By Lauren Savoie Published

Ever wonder how many peanut pieces are actually in a jar of crunchy peanut butter? Don’t worry, we counted for you.

Creamy peanut butters may corner the market, but the crunchy variety has inspired its own loyal following among those who crave a bit of texture. We keep the crunchy variety on hand when we want peanut pieces, such as in our recipes for Peanut Sauce and Big, Super-Nutty Peanut Butter Cookies.

Every major peanut butter brand that makes a creamy peanut butter also manufactures a crunchy version. But are these just the same peanut butters with a handful of peanut chunks thrown in, or are they a different breed entirely? To find out, we tried nine crunchy peanut butters, priced from $2.69 to $6.91 per jar ($0.17 to $0.27 per ounce), in three blind tastings: plain, in peanut butter and jelly sandwiches, and in peanut butter cookies.

Peanut Butter Primer

As we learned in our creamy peanut butter tasting, supermarket varieties fall into three categories. The first are those made with hydrogenated vegetable oil and sugar. This group includes the classic versions from familiar brands such as Skippy, Jif, and Peter Pan. Next are peanut butters that swap hydrogenated oils for palm oil and are often labeled “natural.” (Hydrogenated oils are chemically treated to be solid at room temperature, while palm oil is naturally solid at room temperature, hence the term “natural.”) This category includes Skippy Natural, Jif Natural, and Peter Pan Natural. The final category is peanut butters made with just peanuts and salt, with no added oils or sugar, such as Adams, Teddie, and Smuckers. These products are also labeled “natural.”

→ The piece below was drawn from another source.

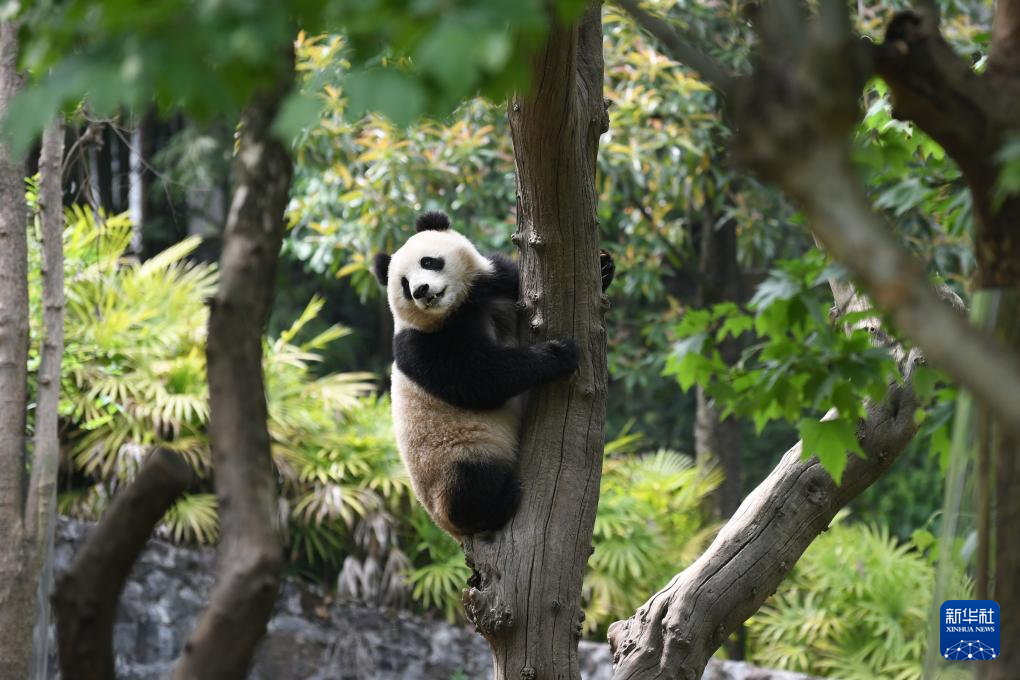 4月19日,在中国大熊猫保护研究中心都江堰基地,大熊猫“叻叻”在爬树。大熊猫“叻叻”,雄性,2021年8月14日出生于新加坡河川生态园,目前在中国大熊猫保护研究中心都江堰基地。

Samples of different brands of crunchy peanut butter are arranged by consistency. The products came in three categories: first, conventional peanut butter made with hydrogenated oil; second, "natural" products that still contain added oil; and third, "natural" products with only peanuts and salt.

Regardless of category, all peanut butter starts the same way: Peanuts are shelled, roasted, salted, and then ground until they become a paste. Products made from just peanuts and salt stop at this step (and consequently need to be stirred to incorporate the natural peanut oils with the solids that have separated). Other brands add sugar for sweetness and oil—either hydrogenated oil or palm oil—to keep the peanut butter homogeneous, so no stirring is required. These hydrogenated oil and palm oil products have a characteristic fluffy, almost whipped texture.

Creamy versus Crunchy Peanut Butter: What’s the Difference?

Once all the results were tallied, it was clear that what mattered to our tasters in creamy peanut butter also determined their preferences for the crunchy variety. Tasters again preferred the hydrogenated oil peanut butters, followed by the palm oil products, and lastly those made from just peanuts and salt. We looked at nutritional labels and found that all the crunchy peanut butters sported almost the same fat and sugar levels as their creamy versions. In fact, they appeared to be the same products with just a few nuts thrown in.

We favored peanut butters with added oil for their thicker, more uniform texture, which is spreadable right out of the jar. Products made from just peanuts and salt were runny, grainy, and thin, even after we stirred them. Tasters particularly disliked how they made our sandwich bread soggy; we preferred the substantial, even texture of peanut butter with added oil.

Peanut butter and jelly sandwiches are assembled for a taste test of several brands of crunchy-style peanut butter.

Tasters also liked a good balance of salt and sugar. There is some natural sugar in peanuts, but both the hydrogenated oil and the palm oil peanut butters have more in the form of granulated sugar and/or molasses. These products all had 3 grams of sugar per tablespoon of peanut butter, compared to just 1 to 2 grams in the simple peanuts-and-salt varieties, for a “classic” and “balanced” flavor that kept the peanut butter from tasting too savory and one-note. Most of these products also had a bit more salt—as much as 125 milligrams of sodium versus 100 milligrams or less in those that fell to the bottom of our rankings. The added salt helped counter the sweetness and enhanced the natural nuttiness of the peanut butter.     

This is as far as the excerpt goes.